### Dataset extract:
:::::
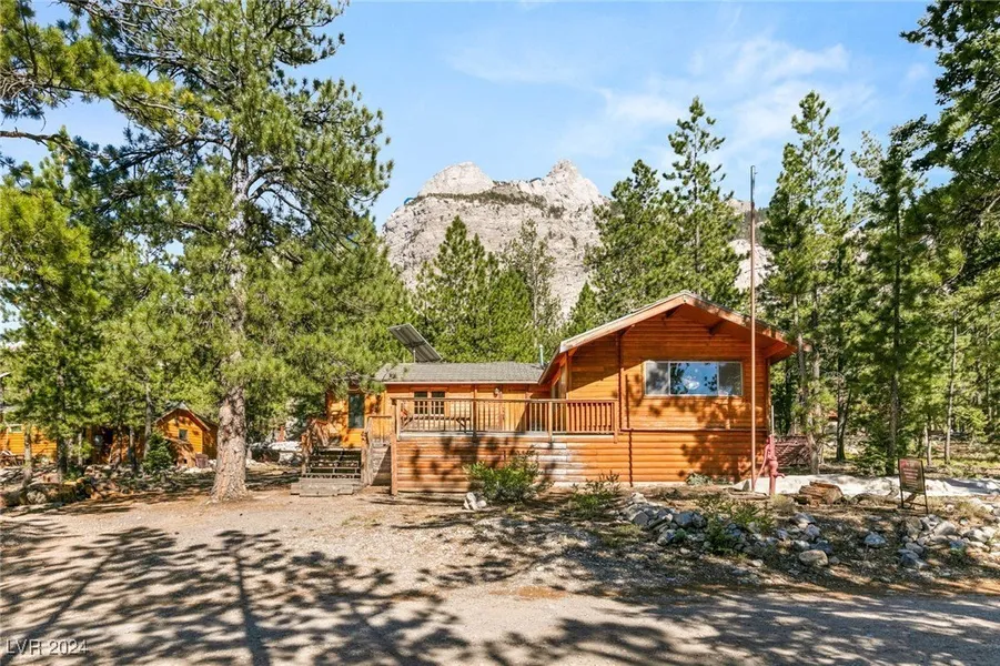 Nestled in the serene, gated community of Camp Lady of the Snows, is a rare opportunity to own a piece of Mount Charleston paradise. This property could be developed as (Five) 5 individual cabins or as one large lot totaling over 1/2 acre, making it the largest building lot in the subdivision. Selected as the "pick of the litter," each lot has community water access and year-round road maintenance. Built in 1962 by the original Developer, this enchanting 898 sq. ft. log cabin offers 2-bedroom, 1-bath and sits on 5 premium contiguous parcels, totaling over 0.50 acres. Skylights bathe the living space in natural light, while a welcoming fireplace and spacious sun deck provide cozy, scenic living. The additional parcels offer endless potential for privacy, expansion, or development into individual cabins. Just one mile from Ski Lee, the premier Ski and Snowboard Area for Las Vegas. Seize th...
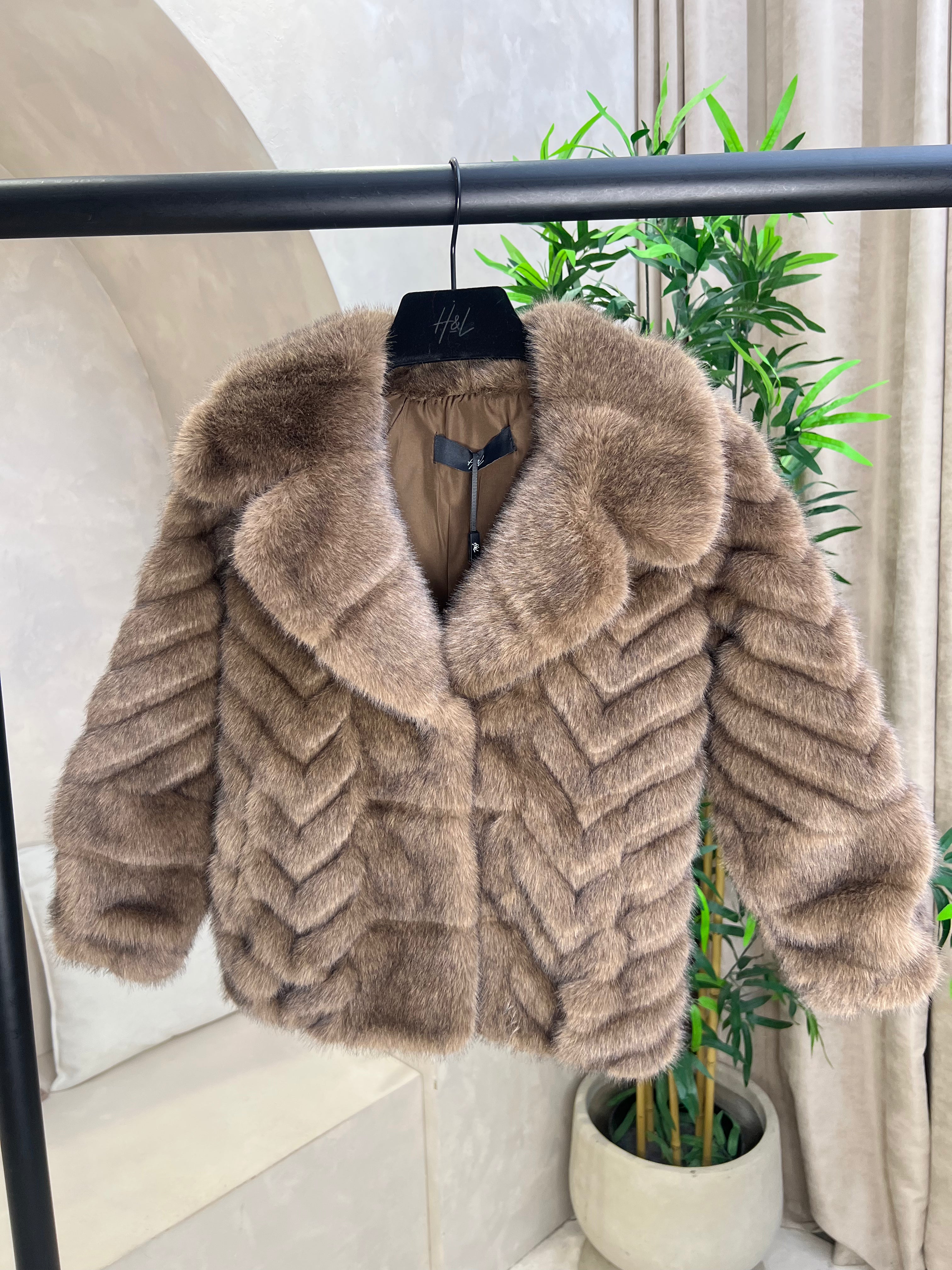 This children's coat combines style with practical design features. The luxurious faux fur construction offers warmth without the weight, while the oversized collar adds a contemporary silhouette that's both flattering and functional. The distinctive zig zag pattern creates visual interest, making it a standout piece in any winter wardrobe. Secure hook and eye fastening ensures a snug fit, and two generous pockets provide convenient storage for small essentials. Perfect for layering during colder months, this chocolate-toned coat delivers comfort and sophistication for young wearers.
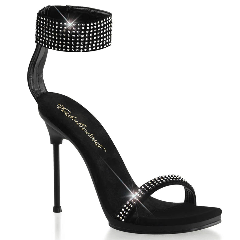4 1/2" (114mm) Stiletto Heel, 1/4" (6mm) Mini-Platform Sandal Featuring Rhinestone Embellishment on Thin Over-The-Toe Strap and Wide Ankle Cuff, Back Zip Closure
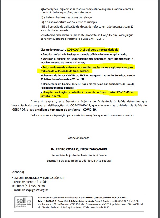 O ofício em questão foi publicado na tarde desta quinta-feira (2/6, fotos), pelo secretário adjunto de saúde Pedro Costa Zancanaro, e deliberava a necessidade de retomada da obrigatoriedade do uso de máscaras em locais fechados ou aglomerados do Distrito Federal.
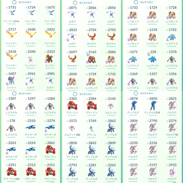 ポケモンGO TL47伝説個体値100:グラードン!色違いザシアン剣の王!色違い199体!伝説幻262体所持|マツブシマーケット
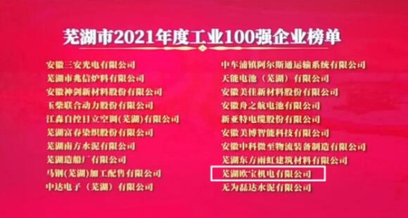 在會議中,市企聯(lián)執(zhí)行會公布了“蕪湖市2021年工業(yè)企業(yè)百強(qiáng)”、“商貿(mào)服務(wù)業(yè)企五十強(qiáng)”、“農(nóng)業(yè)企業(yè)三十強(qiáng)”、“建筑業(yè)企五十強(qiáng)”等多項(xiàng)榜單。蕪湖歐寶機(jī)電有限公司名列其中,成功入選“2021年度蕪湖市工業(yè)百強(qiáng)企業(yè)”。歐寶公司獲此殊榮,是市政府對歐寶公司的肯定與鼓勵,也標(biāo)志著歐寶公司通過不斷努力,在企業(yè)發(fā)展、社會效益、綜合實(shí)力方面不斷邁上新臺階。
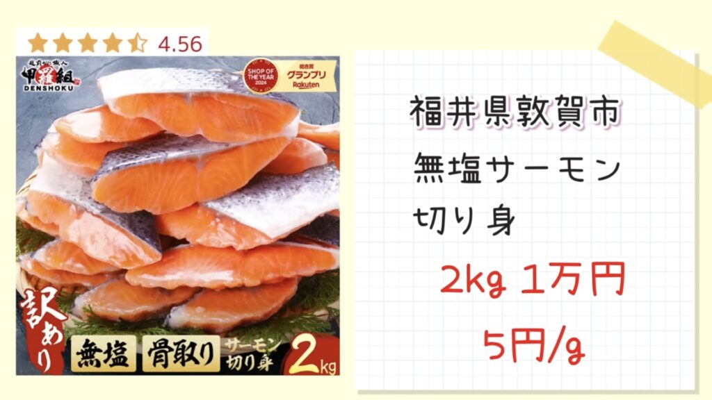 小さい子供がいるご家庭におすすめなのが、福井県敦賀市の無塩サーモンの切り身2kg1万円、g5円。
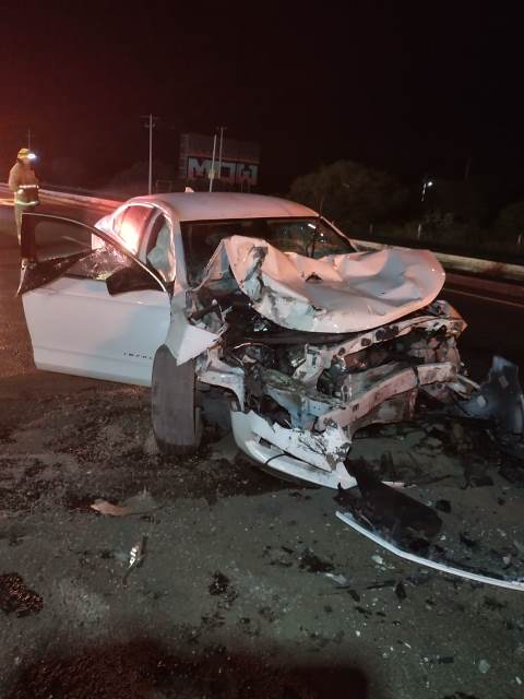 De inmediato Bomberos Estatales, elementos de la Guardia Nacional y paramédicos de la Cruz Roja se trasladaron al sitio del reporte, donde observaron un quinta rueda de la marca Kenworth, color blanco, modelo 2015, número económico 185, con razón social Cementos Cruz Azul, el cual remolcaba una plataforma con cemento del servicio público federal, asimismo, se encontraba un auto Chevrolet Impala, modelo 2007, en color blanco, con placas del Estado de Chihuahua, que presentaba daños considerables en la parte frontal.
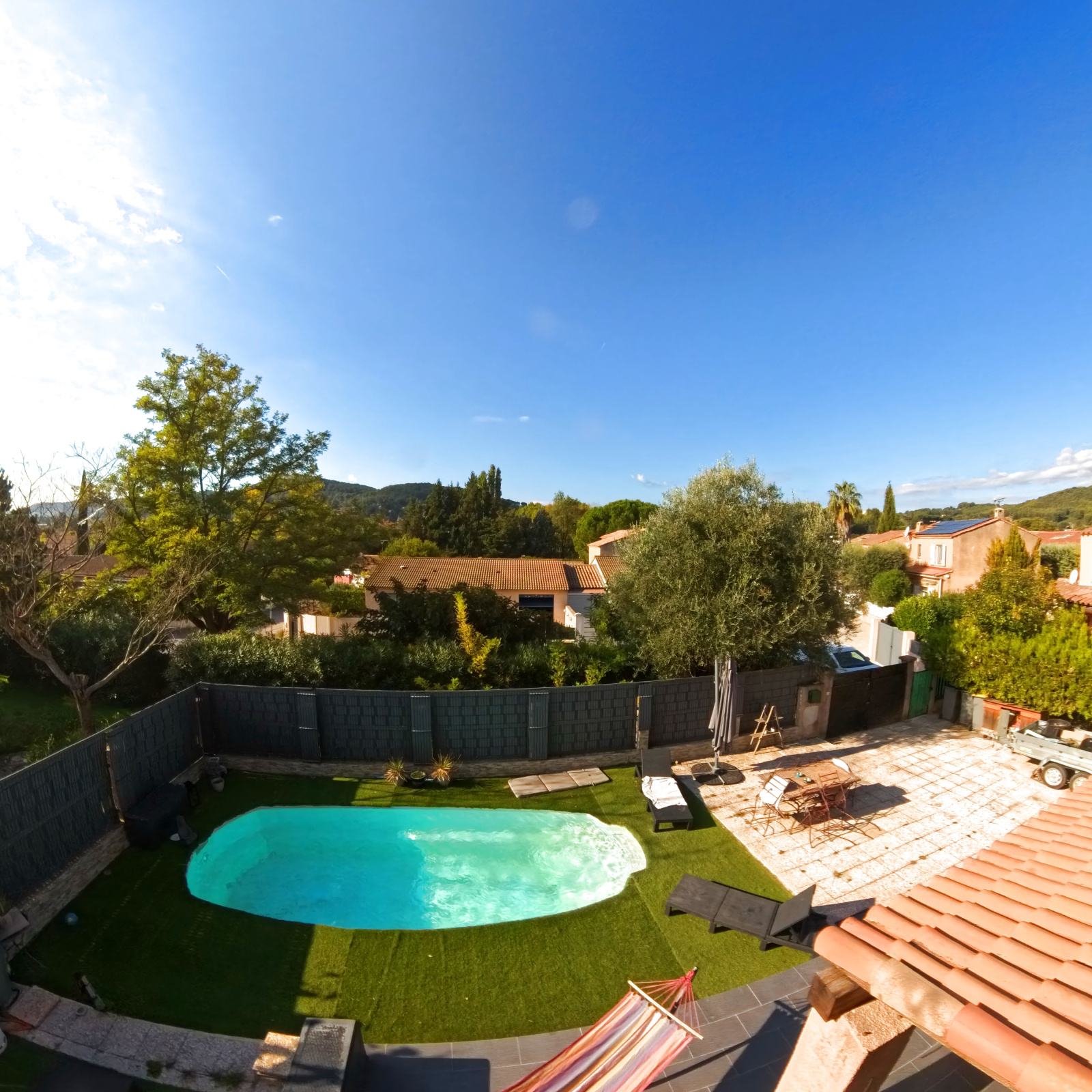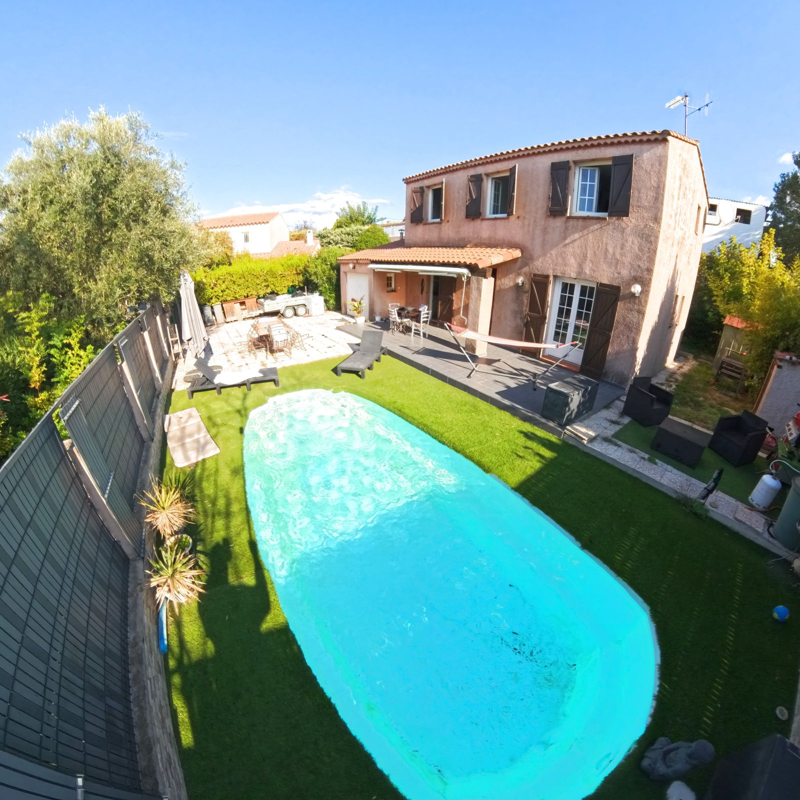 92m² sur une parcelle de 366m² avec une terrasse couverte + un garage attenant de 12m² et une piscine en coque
:::::
### Task goal:
Drop the pictures; repeat each entry above exactly.

### Task response:
 Nestled in the serene, gated community of Camp Lady of the Snows, is a rare opportunity to own a piece of Mount Charleston paradise. This property could be developed as (Five) 5 individual cabins or as one large lot totaling over 1/2 acre, making it the largest building lot in the subdivision. Selected as the "pick of the litter," each lot has community water access and year-round road maintenance. Built in 1962 by the original Developer, this enchanting 898 sq. ft. log cabin offers 2-bedroom, 1-bath and sits on 5 premium contiguous parcels, totaling over 0.50 acres. Skylights bathe the living space in natural light, while a welcoming fireplace and spacious sun deck provide cozy, scenic living. The additional parcels offer endless potential for privacy, expansion, or development into individual cabins. Just one mile from Ski Lee, the premier Ski and Snowboard Area for Las Vegas. Seize th...
 This children's coat combines style with practical design features. The luxurious faux fur construction offers warmth without the weight, while the oversized collar adds a contemporary silhouette that's both flattering and functional. The distinctive zig zag pattern creates visual interest, making it a standout piece in any winter wardrobe. Secure hook and eye fastening ensures a snug fit, and two generous pockets provide convenient storage for small essentials. Perfect for layering during colder months, this chocolate-toned coat delivers comfort and sophistication for young wearers.
4 1/2" (114mm) Stiletto Heel, 1/4" (6mm) Mini-Platform Sandal Featuring Rhinestone Embellishment on Thin Over-The-Toe Strap and Wide Ankle Cuff, Back Zip Closure
 O ofício em questão foi publicado na tarde desta quinta-feira (2/6, fotos), pelo secretário adjunto de saúde Pedro Costa Zancanaro, e deliberava a necessidade de retomada da obrigatoriedade do uso de máscaras em locais fechados ou aglomerados do Distrito Federal.
 ポケモンGO TL47伝説個体値100:グラードン!色違いザシアン剣の王!色違い199体!伝説幻262体所持|マツブシマーケット
 在會議中,市企聯(lián)執(zhí)行會公布了“蕪湖市2021年工業(yè)企業(yè)百強(qiáng)”、“商貿(mào)服務(wù)業(yè)企五十強(qiáng)”、“農(nóng)業(yè)企業(yè)三十強(qiáng)”、“建筑業(yè)企五十強(qiáng)”等多項(xiàng)榜單。蕪湖歐寶機(jī)電有限公司名列其中,成功入選“2021年度蕪湖市工業(yè)百強(qiáng)企業(yè)”。歐寶公司獲此殊榮,是市政府對歐寶公司的肯定與鼓勵,也標(biāo)志著歐寶公司通過不斷努力,在企業(yè)發(fā)展、社會效益、綜合實(shí)力方面不斷邁上新臺階。
 小さい子供がいるご家庭におすすめなのが、福井県敦賀市の無塩サーモンの切り身2kg1万円、g5円。
 De inmediato Bomberos Estatales, elementos de la Guardia Nacional y paramédicos de la Cruz Roja se trasladaron al sitio del reporte, donde observaron un quinta rueda de la marca Kenworth, color blanco, modelo 2015, número económico 185, con razón social Cementos Cruz Azul, el cual remolcaba una plataforma con cemento del servicio público federal, asimismo, se encontraba un auto Chevrolet Impala, modelo 2007, en color blanco, con placas del Estado de Chihuahua, que presentaba daños considerables en la parte frontal.
 92m² sur une parcelle de 366m² avec une terrasse couverte + un garage attenant de 12m² et une piscine en coque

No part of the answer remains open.